1. the first step is to check the available resources:
$ arena top node
NAME IPADDRESS ROLE STATUS GPU(Total) GPU(Allocated)
cn-hongkong.192.168.2.107 47.242.51.160 <none> Ready 1 0
cn-hongkong.192.168.2.108 192.168.2.108 <none> Ready 1 0
cn-hongkong.192.168.2.109 192.168.2.109 <none> Ready 1 0
cn-hongkong.192.168.2.110 192.168.2.110 <none> Ready 1 0
-----------------------------------------------------------------------------------
Allocated/Total GPUs In Cluster:
0/4 (0.0%)
There are 3 available nodes with GPU for running training jobs.
2. Now we can submit a training job with arena cli
, it will download the source code from github:
$ arena submit tf \
--name=tf-tensorboard \
--gpus=1 \
--image=tensorflow/tensorflow:1.5.0-devel-gpu \
--env=TEST_TMPDIR=code/tensorflow-sample-code/ \
--sync-mode=git \
--sync-source=https://code.aliyun.com/xiaozhou/tensorflow-sample-code.git \
--tensorboard \
--logdir=/training_logs \
"python code/tensorflow-sample-code/tfjob/docker/mnist/main.py --max_steps 5000"
configmap/tf-tensorboard-tfjob created
configmap/tf-tensorboard-tfjob labeled
service/tf-tensorboard-tensorboard created
deployment.extensions/tf-tensorboard-tensorboard created
tfjob.kubeflow.org/tf-tensorboard created
INFO[0001] The Job tf-tensorboard has been submitted successfully
INFO[0001] You can run `arena get tf-tensorboard --type tfjob` to check the job status
Note
- the source code will be downloaded and extracted to the directory
code/
of the working directory.

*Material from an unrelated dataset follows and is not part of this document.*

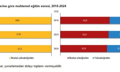 TÜİK, 2024 yılına ilişkin muhtemel eğitim süresi istatistiklerini açıkladı. Muhtemel eğitim süresi (MES), en genel tanımıyla; eğitim hayatına başlayan bir bireyin, eğitimde geçirmesi muhtemel örgün eğitim...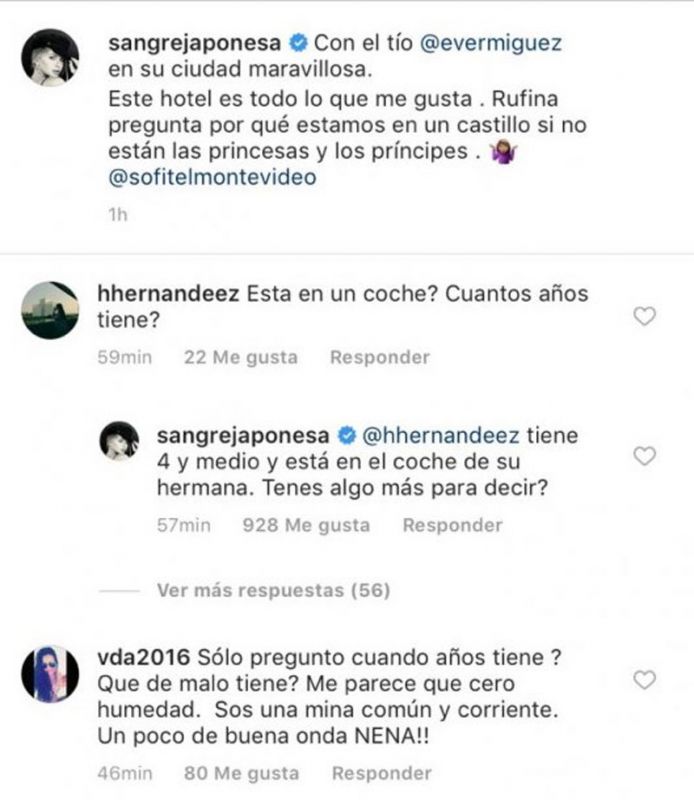 Como lo hacen últimamente varias famosas, la China suele responder a las críticas de sus fotos en Instagram y, esta vez, salió con los tapones de punta: es que un seguidor le consultó sobre una imagen donde se la veía a Rufina – de espaldas - y sobre un cochecito.

The default working directory is/root
, you can also specify by using--workingDir
. logdir
indicates where the tensorboard reads the event logs of TensorFlow
List the tensorflow jobs
When submited the job, you can list all tensorflow training jobs:
$ arena list -T tfjob
NAME STATUS TRAINER DURATION GPU(Requested) GPU(Allocated) NODE
tf-tensorboard PENDING TFJOB 2m 1 1 N/A
tf-standalone-test-with-git SUCCEEDED TFJOB 4m 1 N/A 192.168.2.109
Get the tensorflow job details
1. If you want to get the training job details,arena get
can help you:
$ arena get tf-tensorboard
Name: tf-tensorboard
Status: RUNNING
Namespace: default
Priority: N/A
Trainer: TFJOB
Duration: 5m
Instances:
NAME STATUS AGE IS_CHIEF GPU(Requested) NODE
---- ------ --- -------- -------------- ----
tf-tensorboard-chief-0 Running 5m true 1 cn-hongkong.192.168.2.108
Tensorboard:
Your tensorboard will be available on:
http://192.168.2.107:31141
2. Use -g
can display the gpu utilization of the job(this feature depends on the prometheus):
$ arena get tf-tensorboard -g
Name: tf-tensorboard
Status: RUNNING
Namespace: default
Priority: N/A
Trainer: TFJOB
Duration: 6m
Instances:
NAME STATUS AGE IS_CHIEF GPU(Requested) NODE
---- ------ --- -------- -------------- ----
tf-tensorboard-chief-0 Running 6m true 1 cn-hongkong.192.168.2.108
GPUs:
INSTANCE NODE(IP) GPU(Requested) GPU(IndexId) GPU(DutyCycle) GPU Memory(Used/Total)
-------- -------- -------------- ------------ -------------- ----------------------
tf-tensorboard-chief-0 192.168.2.108 1 N/A N/A N/A
Allocated/Requested GPUs of Job: 1/1
Tensorboard:
Your tensorboard will be available on:
http://192.168.2.107:31141
3. Check the resource usage of the cluster:
$ arena top node
NAME IPADDRESS ROLE STATUS GPU(Total) GPU(Allocated)
cn-hongkong.192.168.2.107 47.242.51.160 <none> Ready 1 0
cn-hongkong.192.168.2.108 192.168.2.108 <none> Ready 1 1
cn-hongkong.192.168.2.109 192.168.2.109 <none> Ready 1 0
cn-hongkong.192.168.2.110 192.168.2.110 <none> Ready 1 0
-----------------------------------------------------------------------------------
Allocated/Total GPUs In Cluster:
1/4 (25.0%)
Note
- you can access the tensorboard by using
192.168.1.117:30670
. You can considersshuttle
if you can't access the tensorboard directly from your laptop. For example:sshuttle -r root@47.89.59.51 192.168.0.0/16
Congratulations! You've run the training job with arena
successfully, and you can also check the tensorboard easily.